L'héritage d'Esther, Sandor Marai

D'abord, il y a ce titre énigmatique - et pour une fois une couverture bien choisie.

"Quelle terrible loi, pensais-je ! et j'en eus la chair de poule. Je m'endormis ainsi, frissonnante, hébétée, la fausse bague au doigt, comme si, parvenue à l'ai libre après un long séjour en un lieu fermé, j'eusse été brusquement saisie jusqu'au vertige par une brise forte et cruelle, par le coup de vent de la réalité."

Esther se fait vieille. Elle a choisi de vivre solitaire et presque recluse après l'immense déception que lui causât, de longues années auparavant, l'amour de sa vie, Lajos. Après vingt ans d'éclipse et malgré ses trahisons répétées, le talentueux séducteur et brillant dilettante, ruiné, fait son retour, pour affronter Esther dans une ultime passe d'armes. Au soir de leur vie et dépouillés de leur superbe, enfermés dans leurs rôles mais désabusés, les deux personnages se mesurent dans un face-à-face s'inscrivant dans un huis clos de plus en plus étouffant, qui fait resurgir les sentiments et les ressentiments du passé.
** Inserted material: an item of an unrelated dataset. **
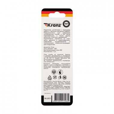 Сверло по металлу 5х86х52 мм «Стандарт+» (P6M5 M-2) (1 шт. в блистере) DIN 338 Kranz

Pas un mot de trop dans cette fable de la cruauté et de la désillusion, d'une richesse folle. Véritable petit bijou littéraire, L'héritage d'Esther est un concentré de l'immense talent de Marai, trop peu lu. L'auteur hongrois met ici en œuvre un travail d'une précision d'orfèvre, dont toutes les pièces s'emboîtent avec une perfection diabolique. Le ton est d'une justesse inégalée, et les sentiments saisis dans une complexité vertigineuse et dans la sobriété d'un style épuré. Servi par une unité de temps et de lieu, et sous-tendu de dialogues ciselés, l'Héritage d'Esther en devient presque théâtral. Du grand, du très très grand Marai.